I've been browsing quite a few spring recipe lists lately, but the Roast Chicken Thighs with Peas and Mint recipe from Bon Appetit really caught my eye enough for me to give it a try! This recipe is very low-maintenance, quick to cook, and deliciously flavorful. I've very glad that I gave it a shot.
The recipe for Roast Chicken Thighs with Peas and Mint is quite easy to make and yields 4 servings with a prep/total time of 30 minutes. If anyone is interested in checking out the instructions, please click on the image up above.
The following ingredients were used:
- 6 skin-on, bone-in chicken thighs (about 2 1/2 lb. total)

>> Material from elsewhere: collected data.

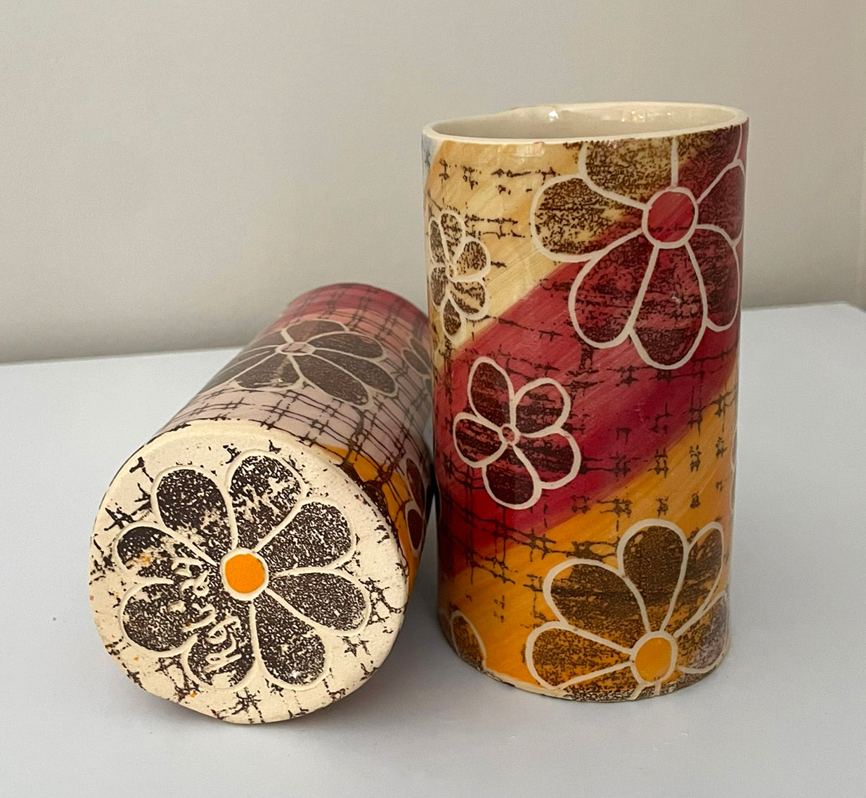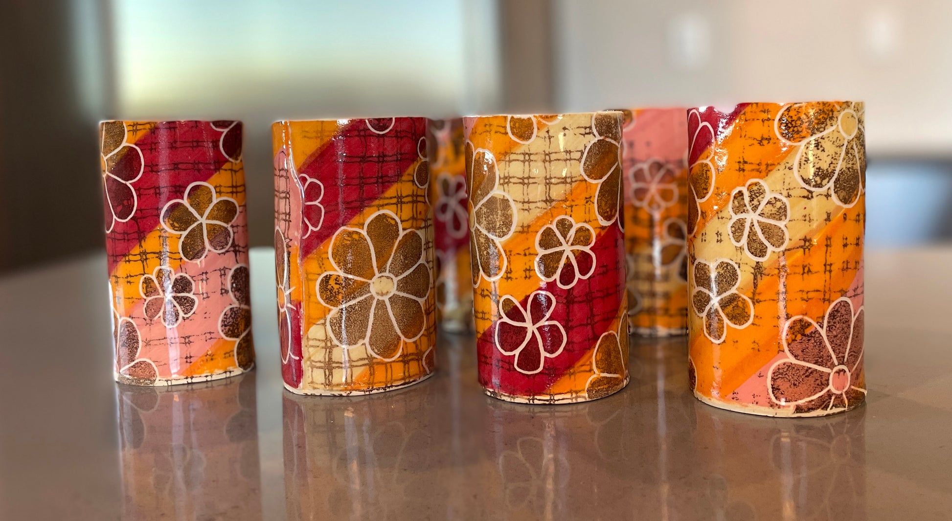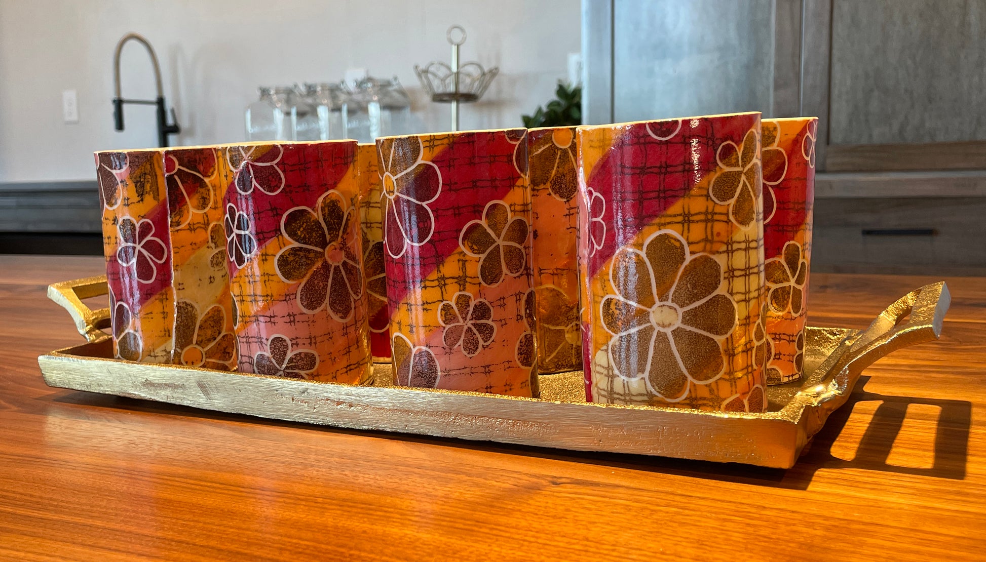 These throwback drinking glasses are an excellent addition to your dinner table or a fun way to add color and creativity to your desk. They are great gifts for you and your friends. A floral lace pattern is printed over a colorful background and then carved to add detail and depth to the design. The fun continues on the bottom of the cup. They measure 4.5" tall with a diameter of 2.5".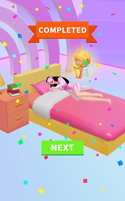 Help the sleepwalking girl collect enough sleep-inducing items on the way back to bed.
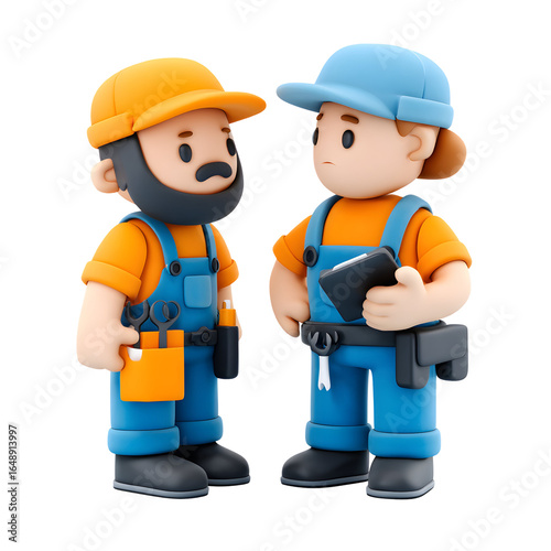 construction, men at work, cartoon, character, three-dimensional, rendering, handyman, repair, builder, uniform, overall, safety, equipment, tool, plastic, figure, illustration, isolated, background, cute, funny, playful, profession, job, work, maintenance, service, industry, occupation, builder, repairman, constructor, manual, labor, professional, craftsman, person, man, male, men at work, skilled, trade, employment, career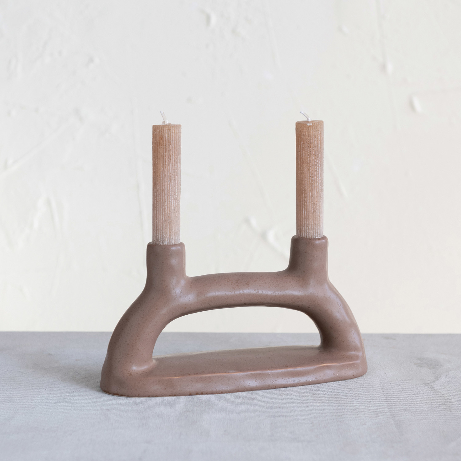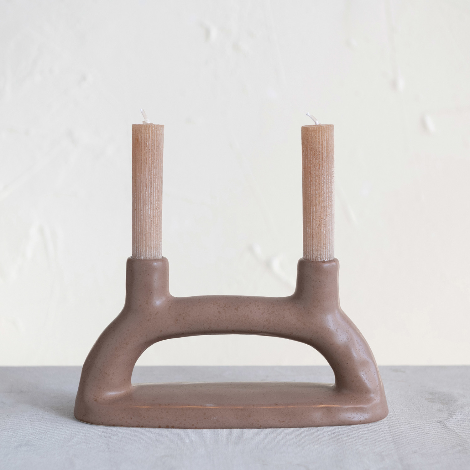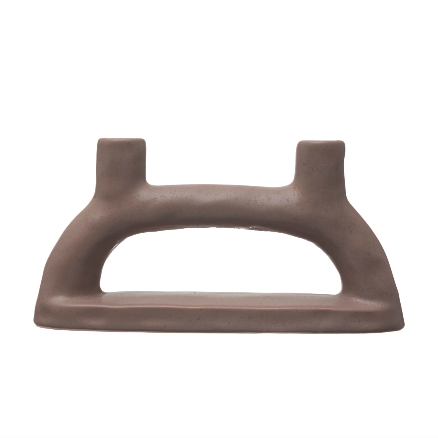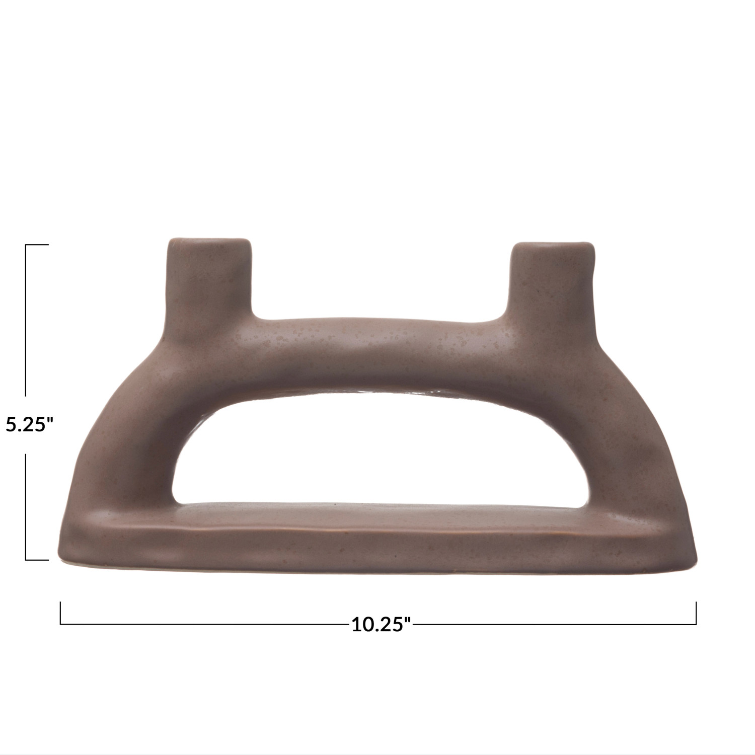 Catalog Name: 10-1/4"L x 3-1/4"W x 5-1/4"H Stoneware Double Taper Holder, Matte Brown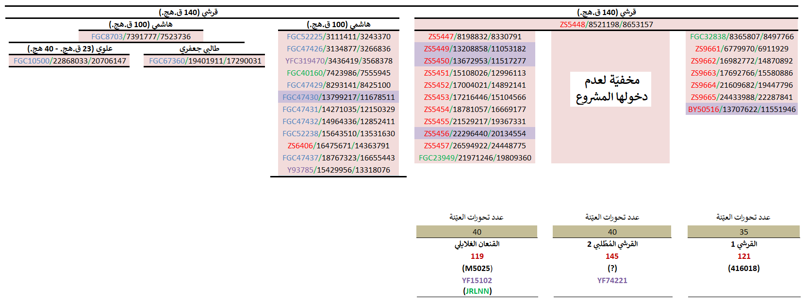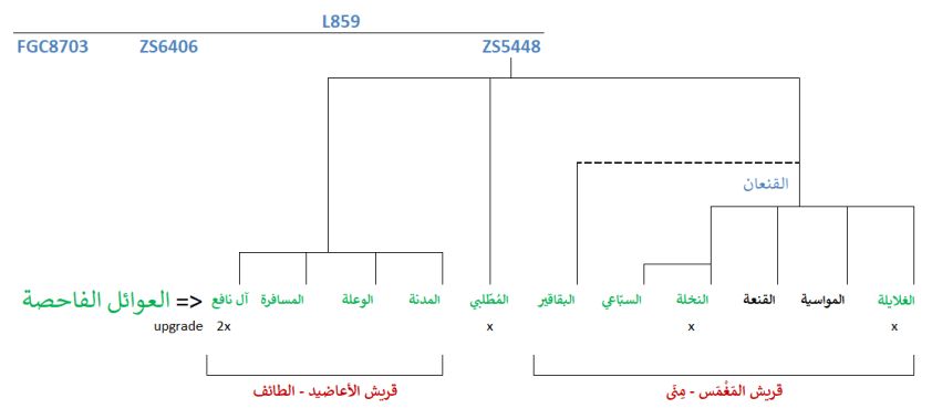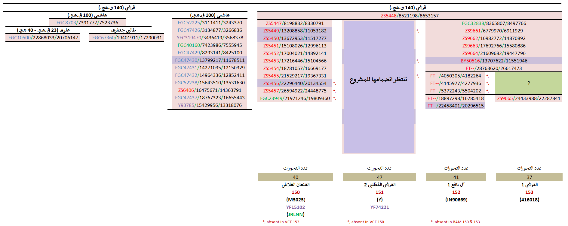 - عيّنات الأعاضيد الثلاث (الوعلة والمسافرة والمَدَنة) تحتاج للتّرقية (Y700) كي نتعرّف على مسافة جدّهم المُشترك مع هذا الفرع الجديد.

- 1 Tbsp. ground coriander
- Kosher salt
- 2 Tbsp. extra-virgin olive oil
- 3 large leeks, white and pale green parts only, sliced 1/2" thick
- 4 garlic cloves, thinly sliced
- 5 2x1" strips lemon zest
- 2 bay leaves
- 1/3 cup dry white wine
- 1 1/2 cups low-sodium chicken broth
- 1 cup fresh (or frozen, thawed) peas
- 1 cup mint leaves, torn if large
- Low- maintenance and quick-cooking
- Serves 4
- Very easy to make and utilizes very few ingredients
- Perfect for a spring season dinner
I am always happy when cooking with chicken thighs, they're always so tasty! I recommend this as the perfect spring recipe to kick off the season.